TEMPO.CO, Jakarta - Meski sudah menggelar operasi tangkap tangan (OTT) di Kabupaten Sidoarjo pada Jumat kemarin, 26 Januari 2023, Komisi Pemberantasan Korupsi (KPK) tak kunjung mengumumkan satu pun tersangka hingga Ahad. Padahal dalam OTT tersebut komisi antirasuah sudah menangkap 10 orang.

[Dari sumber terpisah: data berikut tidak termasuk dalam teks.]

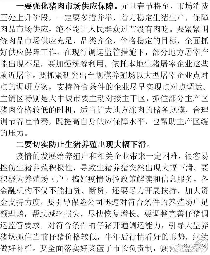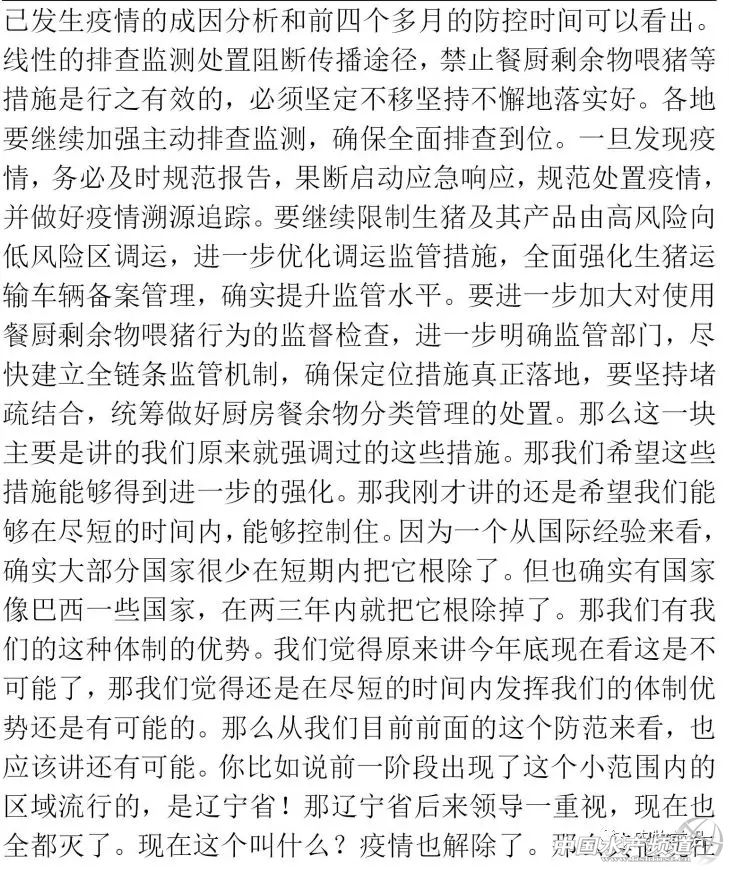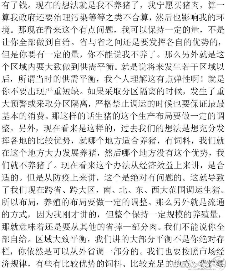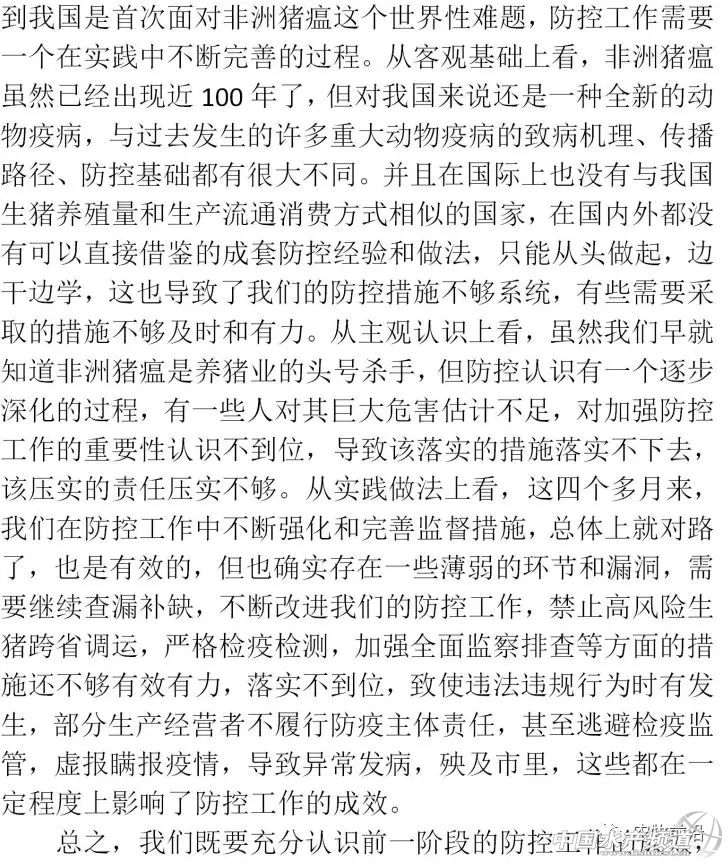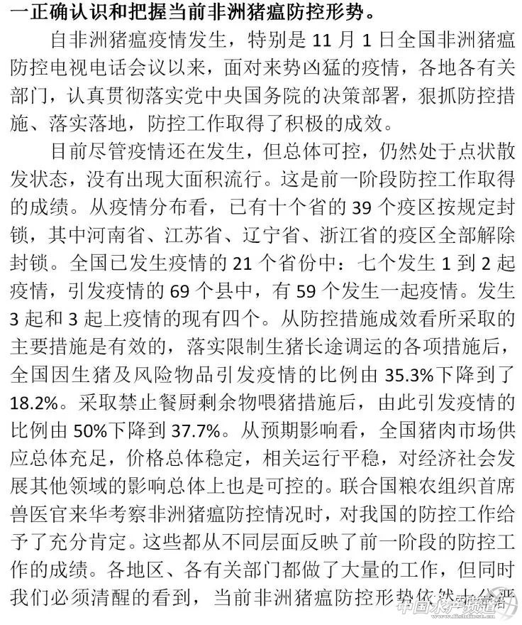 中國水產頻道原創報道, 文/農牧前沿綜合整理 12月11日,全國加強非洲豬瘟防控工作電視電話會議在北京召開。中共中央政治局委員、國務院副總理胡春華出席會議并講話。胡春華指出,當前非洲豬瘟防控形勢仍然十分嚴峻,任務十分艱巨,必須堅定防控信心,強化責任落實,全面加強防控工作。 農牧前沿也留意到,此次胡春華講話透露出幾個重大信息: 非洲豬瘟傳入我國時間可能是在今年6月份以前,甚至更早,且已經在部分地方形成一定病毒污染面,難以徹底根除。 非洲豬瘟在我國的流行情況復雜,隨著野豬疫情出現,更增添疫情傳播不確定性。 全國將全面實施分區防控,分區將不按行政省份劃分,按主產區與主銷區劃分,且各區內的產銷做到大致供需平衡。 南方及大中城市周邊地區要鼓勵建設高水平高質量的養殖企業,不能盲目禁養限養。 要鼓勵和支持大型養殖企業集團在省以內和同一個大區內布局全產業鏈,推行育、繁、養、宰、銷一體化的融合發展新格局。原則上就地屠宰變運豬為運肉,保障肉品供應穩定。 養殖布局要做一定的調整,從以前區域優勢角度考慮布局養殖到從防疫角度布局養殖。 禁止跨省調運活豬將是長期的措施。 要調整完善仔豬調運監管要求,對符合條件的仔豬開通調運能力。 以下為胡春華講話要點摘錄: 截止到12月10日,全國共21個省份發生了85起家豬疫情、兩起野豬疫情,嚴重威脅畜牧業生產安全。 從防控措施來看所采取的主要措施是有效的,落實限制生豬長途調運的各項措施后,全國因生豬及風險物品引發疫情比例由35.3%下降到了18.2%。采取禁止餐廚剩余物喂豬措施后,由此引發疫情的比例由50%下降到37.7%。 當前非洲豬瘟防控形勢依然十分嚴峻,任務十分艱巨。從非洲豬瘟自身特性看,該病潛伏周期長,生豬感染后最長在三周內都不表現出任何臨床狀態,但病毒可能在此期間通過多途徑擴散,幾乎是防不勝防。產銷區分離,生豬大多需要運往銷區屠宰,成為疫情擴撒的最主要方式。 病毒最初傳入我國的時間,可能是在今年6月份以前,甚至更早,并且極有可能是多次多點傳入。在沈陽首例疫情發現前,可能已經在部分地方形成一定的病毒污染面,根除難度很大。 野豬疫情的出現,意味著非洲豬瘟在我國的流行情況更加復雜,更增添了疫情傳播的不確定性。 我們既要充分認識前一段的防控工作的成效,更要正視下一步防控任務的艱巨性和復雜性。我們面臨的點狀發生恐怕很難在短期內消除,甚至從某種角度來講,有可能長期化。 嚴格落實現行各項關鍵防控措施。要繼續限制生豬及其產品由高風險向低風險區調運,進一步優化調運監管措施,全面強化生豬運輸車輛備案管理。 全面實施分區防控。綜合考慮區域相同動物防疫產銷互補等因素,將全國分成幾個動物防疫大區。不能簡單按照省級行政區來劃分。每個大區要明確一個牽頭的省份。 要調整優化生豬生產流通方式。科學規劃生豬養殖布局,各個省份保持一定規模養殖量,區域內要大致做到供需平衡,特別是南方及大中城市周邊地區,要鼓勵建設高水平高質量的養殖企業,確保一定的自給力,不能盲目的禁養限養,更不能一關了之、一棄了之。要鼓勵和支持大型養殖企業集團在省以內和同一個大區內布局全產業鏈,推行育、繁、養、宰、銷一體化的融合發展新格局。最大限度減少生豬長途調運,要切實加大屠宰產能布局調整,支持建設現代冷鮮肉品流通和配送體系,實現生豬出產區。原則上就地屠宰變運豬為運肉,保障肉品供應穩定。 各個省你們馬上要調查你們的豬肉來源情況,包括將來。主產區,你的豬肉主要銷往哪些區域?主銷區從哪些主產區調入豬肉,你將來不能漫天的到處去買。 我們要向國際學習,不要因為某一個省有了病,把整個行業全拖進去了,那就麻煩了。 過去我們的想法是充分發揮各地的優勢,哪個地方適合養豬,有飼料,我們就在這個地方大力發展養豬,哪個地方沒有這個優勢,我們就不養豬了。現在看來這個辦法從經濟效益上講是合適的,但從防疫上來講,是絕對有問題的。這就導致我們現在跨省、跨大區、南北東西大范圍調運生豬。所以養殖的布局要做一定的調整。 前一段時間的防控當中已經提出來了一個問題,就是禁止跨省調運活豬。我現在想告訴大家,這一個不是權宜之計,是長期的措施。大家要開始調整。 進一步加強動物的防疫科研攻關。要逐步建立完善產地檢疫和屠宰檢疫非洲豬瘟檢測出證制度,經檢測合格后方可出具檢疫證明。生豬屠宰場要配備檢疫人員和相應檢疫設備。 要堅持嚴防境外疫情傳入。 切實抓好豬肉市場供應和生豬產業的健康發展。一要強化豬肉市場供應保障。要抓緊研究出臺規模養殖場與大型屠宰企業點對點調研方案,支持符合條件的企業盡早實現點對點調運。二要切實防止生豬養殖出現大幅下滑。要積極為養殖場(戶)搞好疫情防控政策解讀和信息服務。各金融機構不僅不能抽貸斷貸,還要盡力開展扶持,加大資金支持力度,引導保險公司迅速對符合條件的養殖場戶足額理賠,幫助減輕損失,盡快恢復增長。要調整完善仔豬調運監管要求,對符合條件的仔豬開通調運能力。 以下是胡春華講話的完整記錄 非洲豬瘟對您的影響,歡迎您留言告訴我們。 轉載聲明 本文為“農牧前沿”獨家稿件 版權合作,敬請聯系wx fishfirst.cn 未獲書面許可,一

Menurut seorang penegak hukum di KPK, penyidik baru menetapkan satu tersangka berinisial S. Dia adalah istri salah seorang pegawai negeri yang diciduk KPK di Sidoarjo. “Sebenarnya sudah dibuat rapat gelar perkara. Tapi pimpinan KPK termasuk di Kedeputian Penindakan belum mau menetapkan tersangka dari penyelenggara negara yang terlibat,” katanya kepada Tempo, Ahad, 28 Januari 2024.
Akibat pemeriksaan yang mandek, penyidik dan penyelidik KPK kesulitan memeriksa pejabat tertinggi di Kabupaten Sidoarjo, yaitu Bupati Ahmad Muhdlor Ali. Sebab pemeriksaan tersebut membutuhkan restu pimpinan KPK. Sementara, penyelidik dan penyidik sudah mengantongi sejumlah bukti yang bisa menyeret sang kepala daerah. “Pimpinan seperti melindungi bupati,” ujar penegak hukum itu.

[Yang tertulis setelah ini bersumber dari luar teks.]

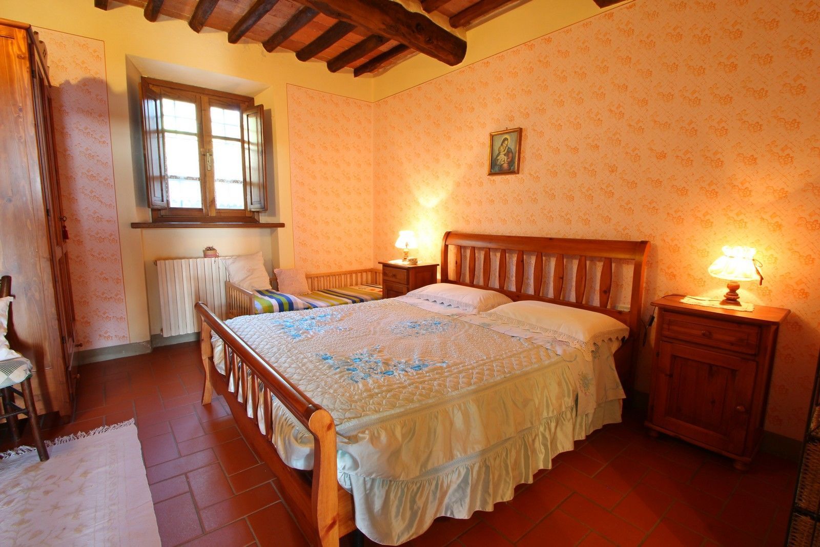 From the outside entrance you enter the living room with fireplace, bedroom with double bed and possibility to add a single bed, a bathroom with shower. Tuscan terracotta floors and wooden beam ceilings.

Sikap pimpinan itu, kata penegak hukum tersebut, terlihat saat rapat gelar perkara yang digelar di Gedung Merah Putih pada Jumat kemarin. Rapat itu hanya berujung penetapan satu tersangka. Itu pun karena pemberitaan soal OTT di Sidoarjo telanjur meluas di media massa.

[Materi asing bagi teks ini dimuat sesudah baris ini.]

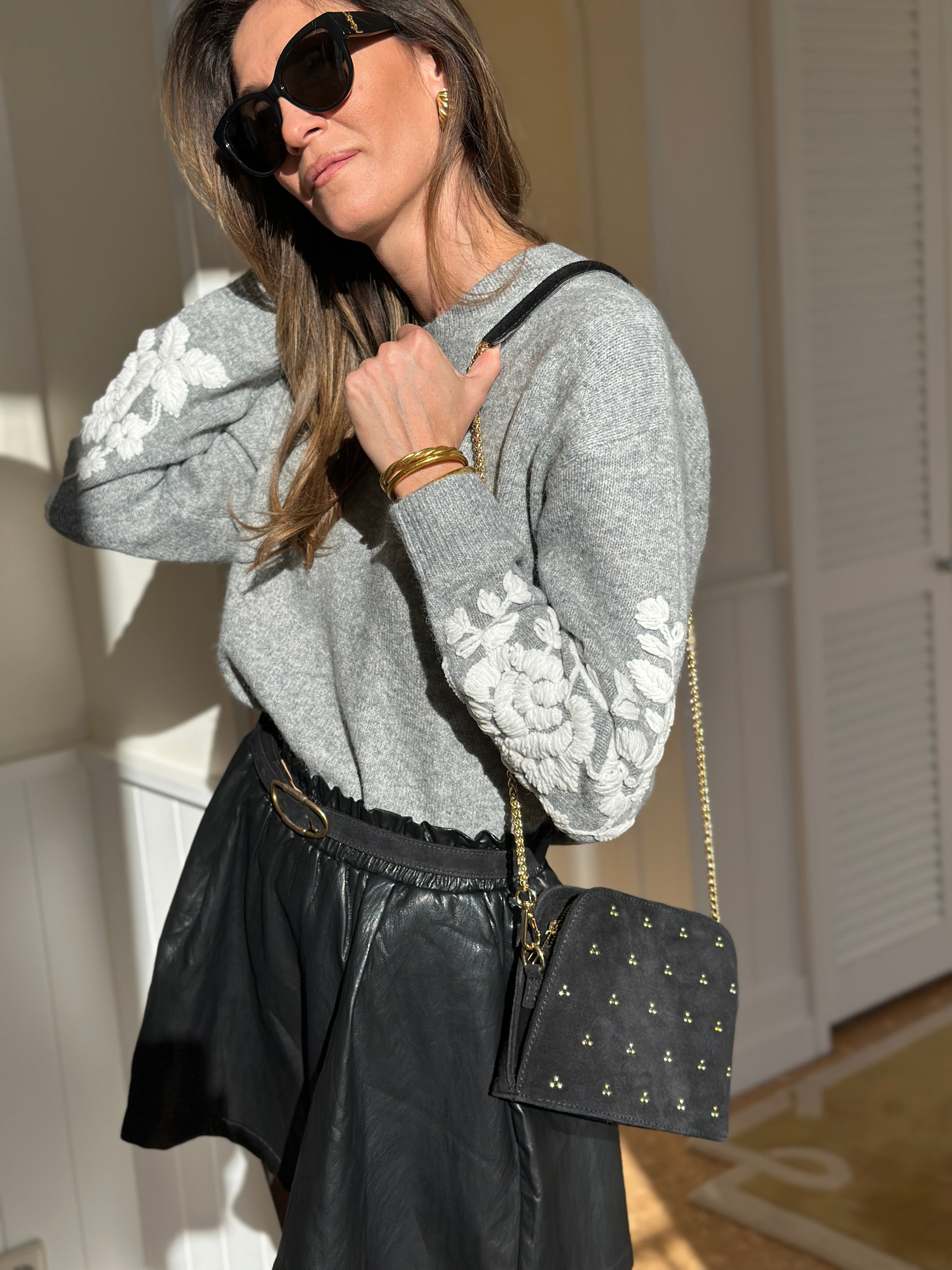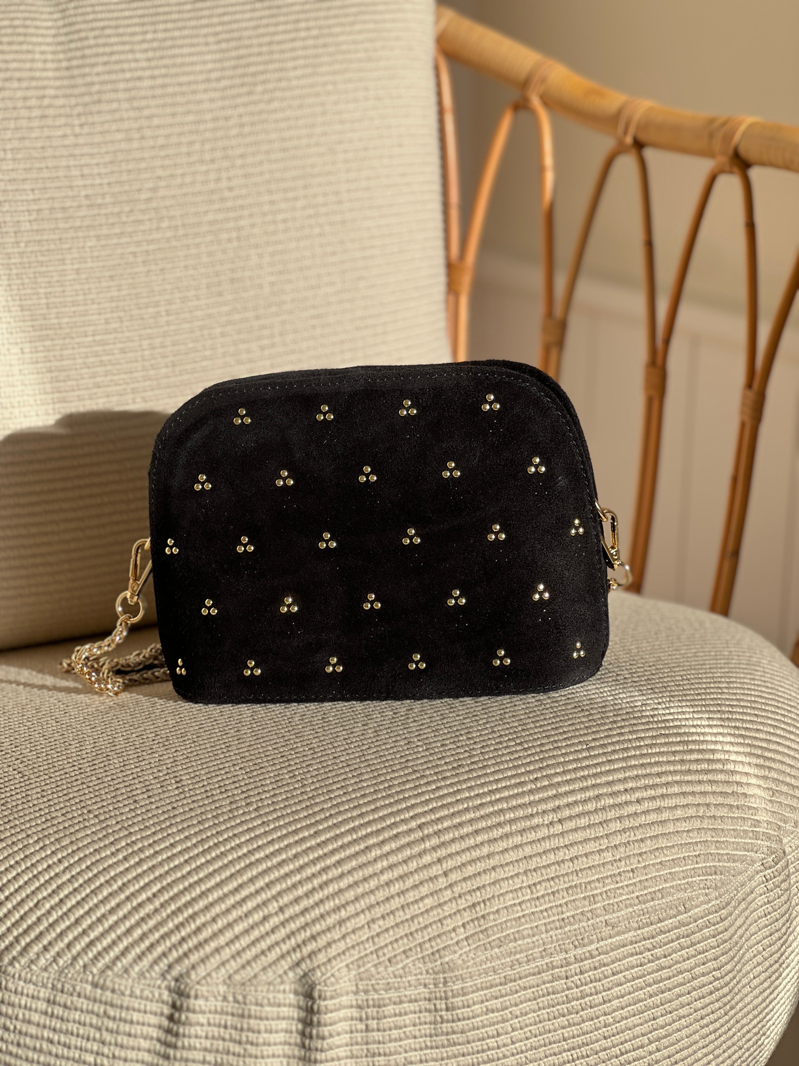 This leather bag is distinguished by its small raised gold nails, perfectly distributed for a chic and luminous touch. It combines practicality and refinement with its gold chain which allows it to be worn over the shoulder or across the body, depending on your preference.

Karena pemberitaan soal OTT di Sidoarjo ini sudah ramai, forum ekspose menyepakati kasus ini naik ke penyidikan dengan satu tersangka yang hanya dijerat Pasal 12 huruf (f) UU Tindak Pidana Korupsi. Pasal ini berisi larangan kepadap pegawai negeri yang memotong anggaran negara dengan hukuman minimal 4 tahun penjara dan maksimal 20 tahun penjara.
KPK justru dikabarkan mau menyerahkan kasus ini ke kepolisian. Alasannya dalam OTT kemarin tidak cukup banyak penyelenggara negara yang terjerat. “Padahal saat rapat sudah dijelaskan bupati bisa dijerat dengan menggunakan Pasal 55 KUHP yaitu turut serta, tapi sampai hari ini enggak ada tindak lanjut dari pimpinan,” tutur penegak hukum itu.
Tempo berupaya menghubungi Ketua KPK Nawawi Pomoloango, Wakil Ketua KPK Alexander Marwata dan Johanis Tanak lewat akun WhatsApp. Namun, ketiganya tak kunjung merespons permintaan konfirmasi.
Sementara, Wakil Ketua KPK Nurul Ghufron mengaku tak mengetahui isi gelar perkara tersebut. "Mungkin bisa ditanya ke pimpinan yang lain. Saya posisi di luar kota pada saat rapat ekspose," katanya.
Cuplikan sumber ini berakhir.